Work request: Pictures in the listing should not be copied. Reproduce, word for word, each line from the one holding "Bereits kurz nach" through the final line.

Recorded data:
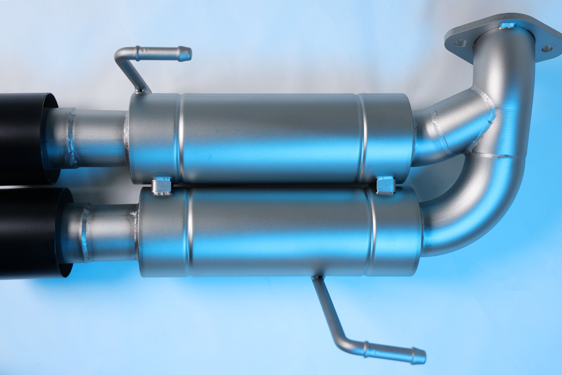 cp-e® uses Titan™ finish 304 Stainless Steel for all of our exhaust systems. We mandrel bend and cut the 18g heavy duty stainless piping on our in-house CNC Bender and CNC Mills. The system features custom cast Stainless Flanges, reliable hangers, custom made Stainless Mufflers and polished stainless tips. Everything is TIG welded by hand to get beautiful color and durability in the welds. Designed fully in a CAD environment, cp-e® is able to guarantee a factory-like fit every-time with great performance gains.
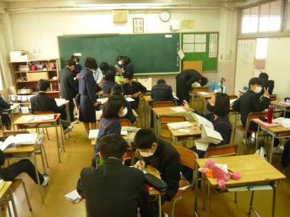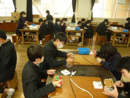 2限、2年1組は理科第2分野、テスト勉強です。2年2組は技術、ラジオ製作ではんだ付けに取り組んでいます。細かい作業ですが、「はんだ付けは楽しい」と言っている生徒もいました。
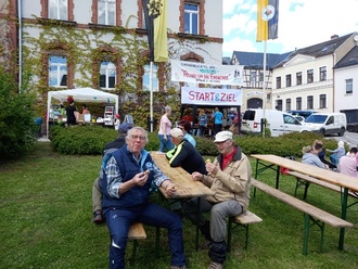 Bereits kurz nach 8:00 Uhr standen die ersten Wanderer am Start vor dem Rathaus in Pausa und warteten darauf, endlich loslaufen zu können.
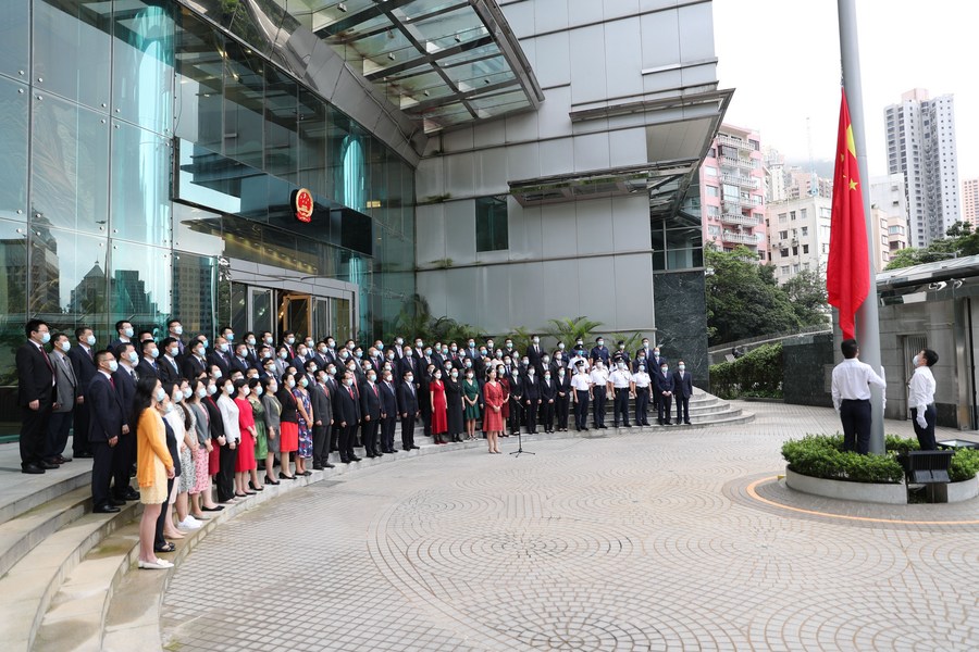 A national flag-raising ceremony is held by the Office of the Commissioner of the Chinese Foreign Ministry in the Hong Kong Special Administrative Region (HKSAR) in Hong Kong, south China, July 1, 2021. (Xinhua)

Your response:
 Bereits kurz nach 8:00 Uhr standen die ersten Wanderer am Start vor dem Rathaus in Pausa und warteten darauf, endlich loslaufen zu können.
 A national flag-raising ceremony is held by the Office of the Commissioner of the Chinese Foreign Ministry in the Hong Kong Special Administrative Region (HKSAR) in Hong Kong, south China, July 1, 2021. (Xinhua)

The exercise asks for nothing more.